The brooding monotony of his days was broken somewhat by the arrival of a roommate, a fortyish fellow named Bill Bray, who introduced himself as a stage director and theatrical business manager “between jobs.” Yates noted with relief that the man was “decidedly not queer,” but thought it a bad sign that he “seem[ed] to spend most of his time drifting around trying to borrow money while he waits for the big job.” His roommate’s picaresque lifestyle did, however, provide Yates with new material for his letters: He wrote how Bray had applied for National Assistance, but when a state welfare inspector came around to their flat, he found Bray passed out amid a litter of beer bottles; the inspector took a dim view and left, while Bray “spent the rest of the day muttering about the limitations of the bureaucratic mind.” Then Bray had a scheme to get himself hired as an extra in a big American movie about King Arthur being filmed in Epping Forest; he thought that Yates, with his height, would make a perfect stand-in for the actor James Stewart and clear a thousand dollars for nine weeks’ work. Alas, it didn’t pan out, and finally Bray took what he called a “very temporary job” at an ice-cream parlor in Kensington, offering to “work [Yates] in as a counter-man or bus-boy.”
When Yates wasn’t waxing witty or wise or pitiful in his letters, he had a tendency to become bitter—the result of many hours of dark rumination. “Here’s this month’s alimony, with all my love,” he wrote. “And I’ll be damned if that isn’t a masterpiece of a sentence, which could serve as an epigrammatic definition of our marriage.” And such was their odd dynamic that Sheila’s most loving letters tended to provoke the most biting replies. After she received (for the purpose of typing and feedback) the manuscript of “Lament for a Tenor,” she wrote how “proud” she was: “I sort of forgot about being proud of you … and not just because of your work or because you’re good-looking—because you have good taste in life … your coming home now could be nothing but good for me”; Charlie had even offered to loan them money for a boat ticket. For Yates this was surely the answer to his fondest prayer—but the more he thought about it, the more agitated and even enraged he became, or so the crescendo of his response suggests:
Charlie’s offer of the $165 is awfully damn nice, and very touching. Maybe I’ll take him up on it, but let’s give Tenor a chance to sell first, okay? Because I’d rather come home that way if I can. And don’t you think, anyway, that we ought to let a little more time elapse?… When I come home it will probably be our absolutely last damn chance for a good life together, and I want to be sure we’re both ready.… When you are [ready],… you won’t think my coming home might be good for you, as you say you do now—you’ll know damn well it would be … because you’ll be ready to god damn it be my girl, and no crap about it.… I guess I’m the most naive son of a bitch in the world. But there isn’t anything so terrible about being naive, is there?

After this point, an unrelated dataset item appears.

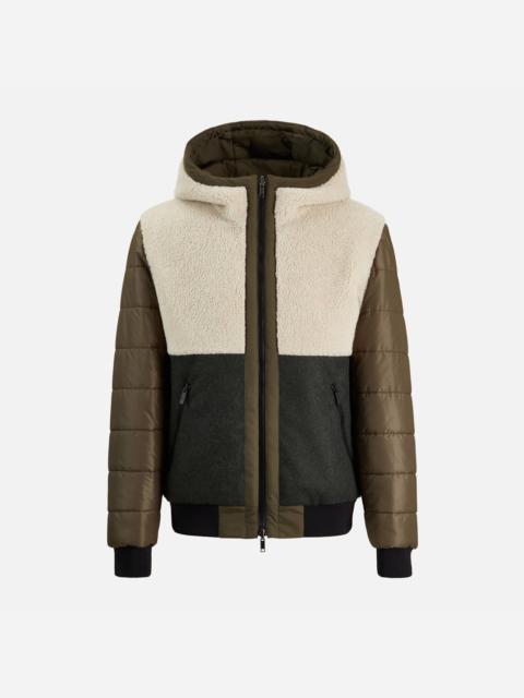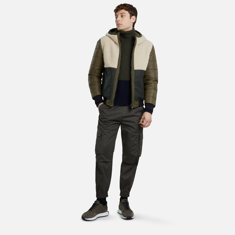 Multimaterial Reversible Bomber Jacket Green Ivory

It’s a far more appropriate trait for people our age, and a more fruitful one too … than the kind of sickly, emotion-starved world-weariness you find in the Chelsea pubs. Or to put it another way, I like being “born yesterday,” because it gives me a pretty good chance of being alive tomorrow, when everybody else is dead.
By then Yates was all too familiar with Sheila’s capriciousness and/or ambivalence where he was concerned. He knew that her loving, April Wheeler–like exaltations were temporary at best, and liable to be followed by some squelching matter-of-fact Shirleyism. “God damn it I love you, Sheila,” he wrote, followed by the preemptive appraisal “I have now laid myself wide open for you to say coolly, in your next letter, that you see what I mean and it’s very touching, but that you really don’t feel equal to looking into the future at this point and can’t make any promises, so I must not get my hopes up.” And while he tried to end this letter on a somewhat positive note, with a bit of neutral humor about Bill Bray, it only spurred him on to a last caustic snipe: “You’d probably flirt outrageously with him if you were here.”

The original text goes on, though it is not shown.